Here’s a good list to get you started (with all those buzzy acronyms included):
Annual Churn Rate (ACR)
As businesses start to mature and grow, many evolve from measuring logo retention to gross retention (GRR) to their ultimate north star, net retention (NRR). But when you give up looking at what percentage of your customers are churning (your Annual Churn Rate), you’re not seeing the full picture of your business.
That’s because there’s a big difference between churning customers and churning dollars. Say you have an annual customer churn rate (logo churn) of 10%, but your dollar churn rate is 25%. You’ve got an issue that needs attention ASAP. On the other hand, if your dollar churn rate is really low but your logo churn is high, it might be telling you that you’re pricing strategy is off, or you’re selling to customers who are simply too small to be a good fit for your product.

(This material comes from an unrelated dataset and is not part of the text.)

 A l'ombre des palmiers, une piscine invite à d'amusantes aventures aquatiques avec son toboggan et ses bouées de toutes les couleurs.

Out of the gate, the Annual Churn Rate is a great metric to start tracking as you start to gain product-market fit and understand the needs of your customers and the value they expect you to provide. But once you’ve built your foundation and start to hit scale, net retention is undeniably your north star. You’ll learn more about this in a minute.
Customer 360
A Customer 360 gives companies a complete view of each and every customer’s past, present, and future behavior (so, 360 as in 360°). As you might imagine, with multiple trackable touchpoints and buckets of data, spreadsheets or homegrown solutions just can’t handle this kind of thing.

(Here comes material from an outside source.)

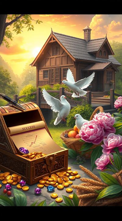 A detailed digital painting of a magical sunrise garden. Foreground: ornate chest spilling gold coins and gems (wealth), scroll with upward graph and pen (success), basket of fruit and wheat (well-being). Center: two white doves and pink peonies (love). Background: wooden bridge, prosperous house, red-crowned crane flying (luck). Style: fantasy realism, warm golden light, cinematic, serene atmosphere. 4K resolution.

It typically takes some level of sophisticated tools to get a consistent, accurate, single-source of truth of all your customers—and to make sense of all the relevant data. These include:
- How long they’ve been a customer
- Overall health score
- Product adoption
- How long until their next renewal
- Current contract value
- Transaction history
- Invoice history
- Survey history
- Product usage history
And it’s not just about gathering data. It’s about having an intelligent tool that turns that data into insights that you can take action on in order to proactively drive outcomes.
Customer Journey Map
While every customer is different, businesses want each person to walk away with the same type of experience after they engage with your team: a great one. One of the best ways to understand who your customers are, what drives their decisions, and how they view their world—and your business—is a customer journey map.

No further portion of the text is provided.